The Order of the White Rose was hardly a political pressure group, attracting primarily artists and Romantics (including Boston’s Ralph Adams Cram and Isabella Gardner). Hungering for something more overtly activist, in 1891 Erskine, Vivian and Melville Henry Massue, the Marquis de Ruvigny, broke with the OWR, and founded the Legitimist Jacobite League of Great Britain and Ireland. The same year, Erskine stood for the North Buteshire constituency as a Scottish Tory Home Ruler – but he withdrew before the election. He was president of the LJL in 1893, 1894, and 1897.

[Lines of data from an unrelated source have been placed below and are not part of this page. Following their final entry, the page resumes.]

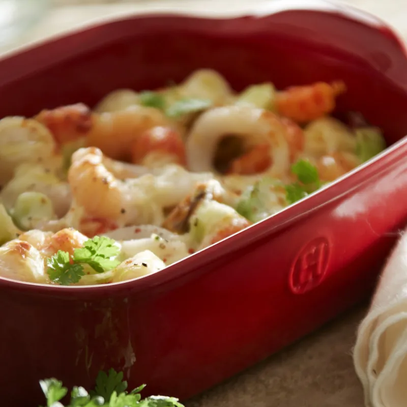Le Plat à Gratin Emile Henry, Made in France, sera votre principal atout pour cuisiner de délicieux plats tels que des gratins, tians ou encore des lasagnes bien épaisses. En effet, le Plat à Four garanti 10 ans, est profond ce qui permet d’éviter toute éclaboussure lors des vos préparations maison. Grâce à sa céramique Haute Résistance, matériau excellent comme diffuseur de chaleur, votre cuisson sera homogène et douce pour un résultat épatant.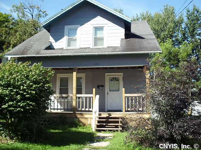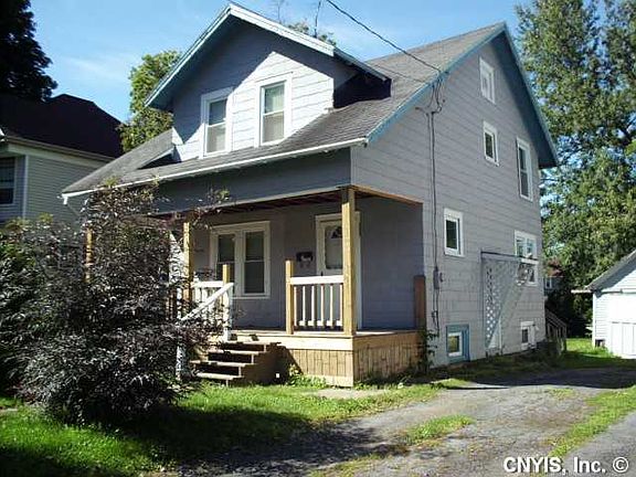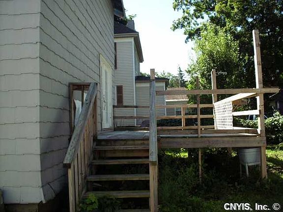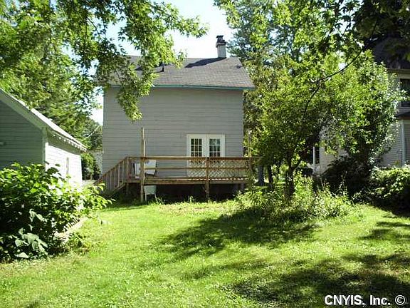 Many updates nice two story home with large living room with corner wood burning fireplace surrounded by stone. Dining room with new French doors leading to deck overlooking large yard. Beautiful spacious kitchen with hand made cabinets and stainless steel stove. Upstairs features a large full bath which is completely new, including the flooring. 3 bedrooms with closets. Carpet in bedrooms. Full basement. Detached one car garage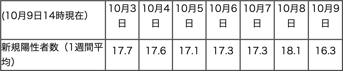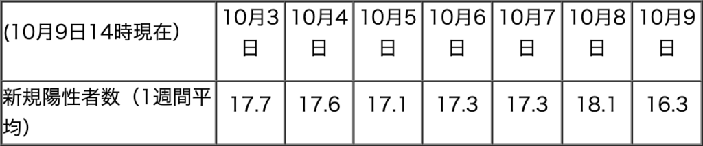 PCR検査の新規陽性者数は9/28以降の上昇傾向から概ね17名台で推移中です。

He returned to journalism in 1901, with the launch of the Gaelic language newspaper, Am Bàrd. It folded after a year, but in 1904, he launched what would be his most successful publication, Guth na Blaidhna (“The Voice of the Year”). A quarterly, and at first bilingual, it was unabashedly Catholic, while –despite being bilingual in the beginning – extremely supportive of the Gaelic
Revival. It also advocated an alliance of the Celtic peoples – to include the Bretons – as a counterpoint to their respective dominant nations. It would last until 1925. During its run, the publication brought him into contact with William Gillies; together they formed the Scots National League (SNL) in 1920.

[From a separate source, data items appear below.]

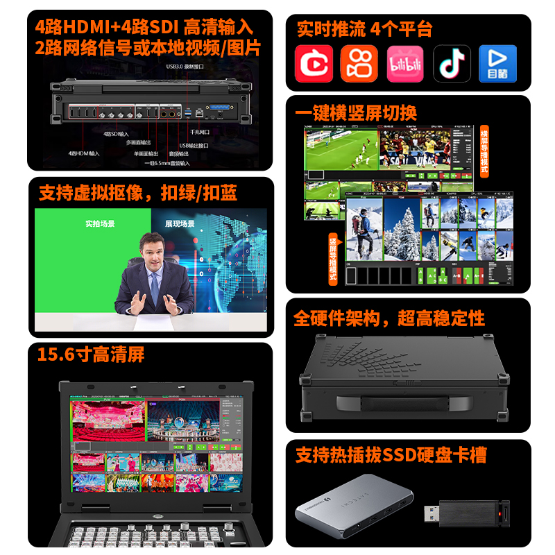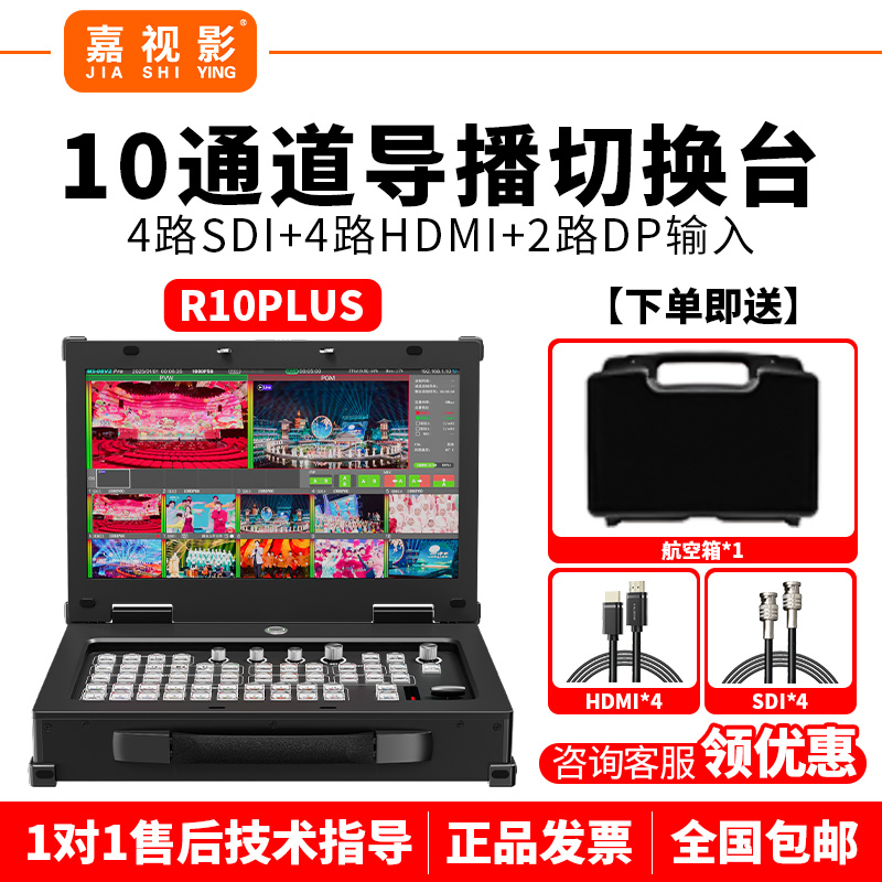 嘉视影R10PLUS 导播台8路 国产化切换台直播一体机高清 国产4路HDMI+4路SDI横竖屏UVC输出硬件直播切换台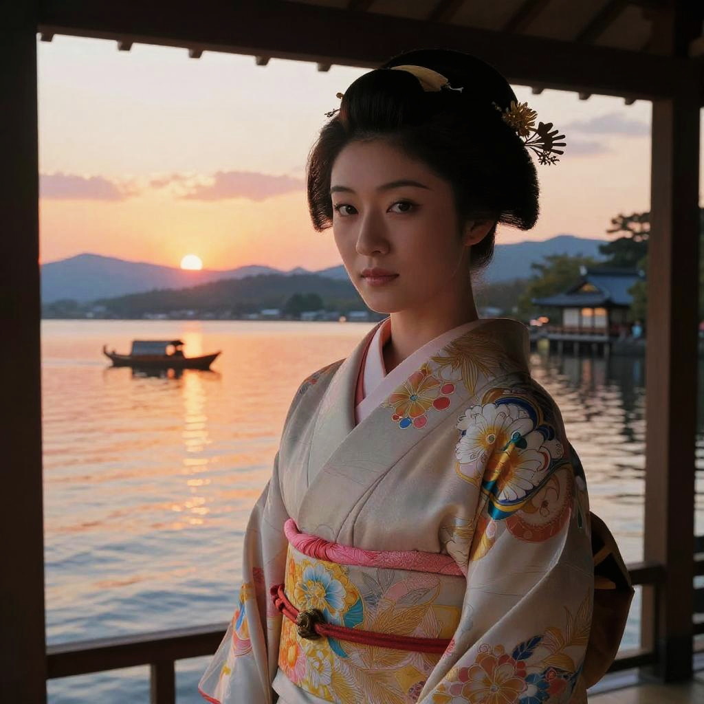 Traditional Japanese Woman at Sunset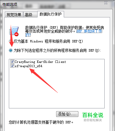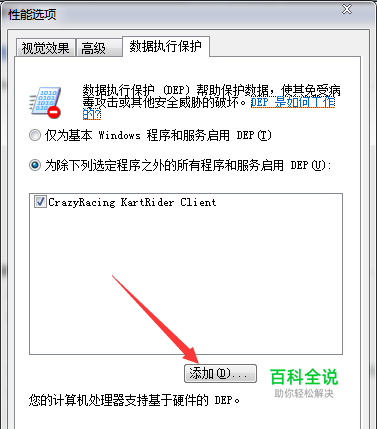 在弹出的 “性能选项” 窗口中,切换到【数据执行保护】 选项卡,并且选择 【为除下列选定程序之外的所有程序和服务启用】,点击【添加】

But this was far from his only such venture in those years. In 1908-1909, he published the weekly Gaelic language newspaper, Alba. Dealing with such cultural matters as land, crofting, fishing, Scottish Gaelic-medium education, early Scottish history, and Gaelic song. Five years after its failure, he revived The Scottish Review. This was a political journal, and here was Erskine’s brief flirtation with the Left. Contributors included the Aberdonian trade unionist William Diack, James Maxton of the Independent Labour Party (ILP), the author and poet Lewis Spence, and the Welsh Nationalist MP Edward Thomas John.

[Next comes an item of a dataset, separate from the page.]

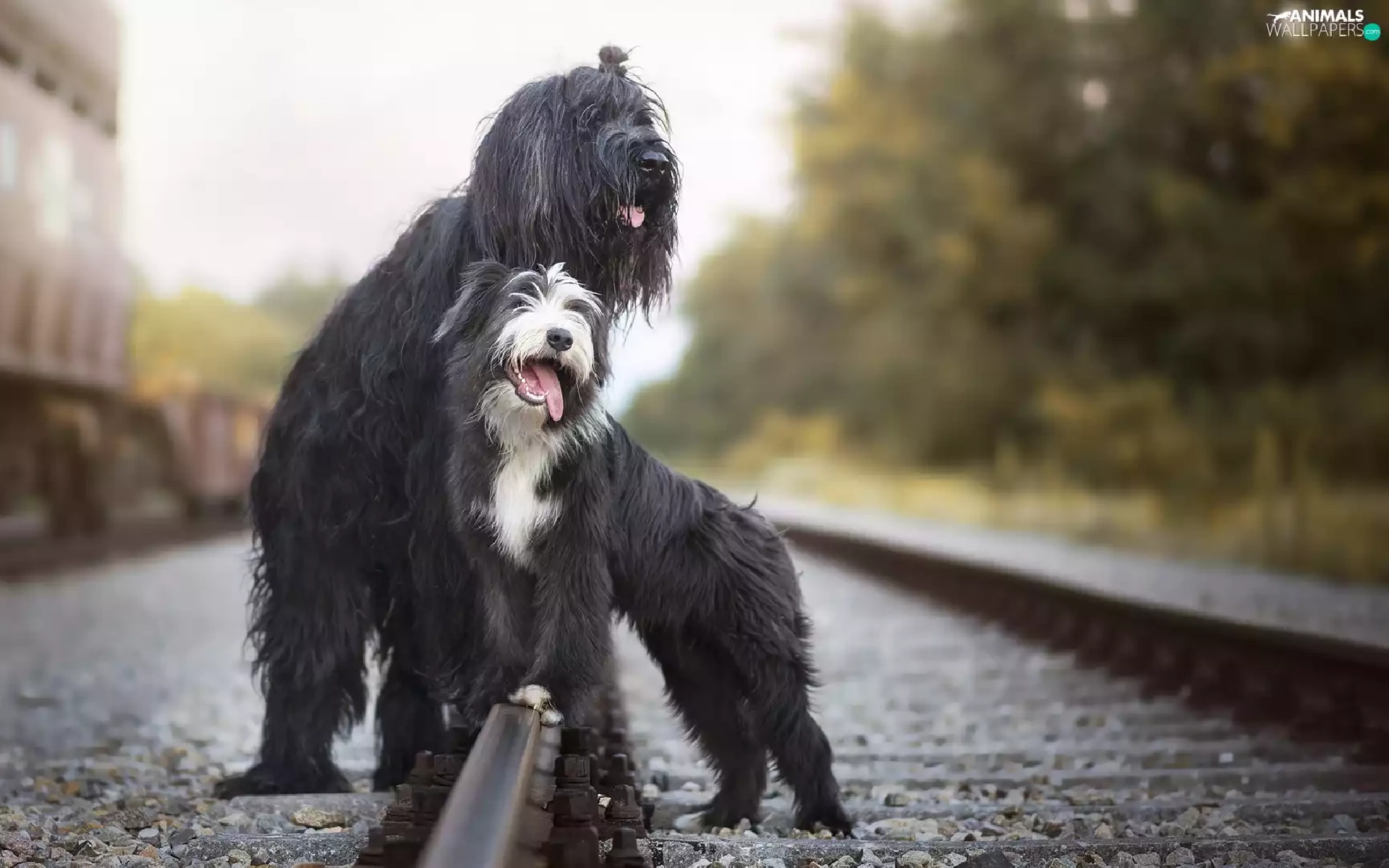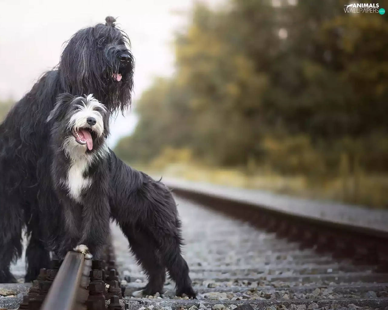 ##, railway, Shepherd French Briard, Bearded collie, Dogs

Erskine and Gillies brought the SNL into the National Party of Scotland in 1928, but soon parted ways with the political Scots Nationalists. He continued his political interest in Catholicism, becoming ever more a Distributist. As with Harri Edwards and Saunders Lewis in Wales, he felt that the ever-more leftward trend of what became the SNP was as much a betrayal of the real Scotland as the Protestant Revolt had been. In sum, Erskine’s vision – elaborated in his 1931 book, Changing Scotland – was of an independent, re-Catholicised, and re-Gaelicised nation, with its own politically effective King (shared with similarly rejuvenated Ireland, England, Wales, Cornwall, and Man, and perhaps Canada, Australia, New Zealand, and South Africa, each ruled by His Majesty in his own right), as part of a re-Catholicised, Monarchical family of European nations. It might well be dismissed as utopian; but is there any better vision available to-day?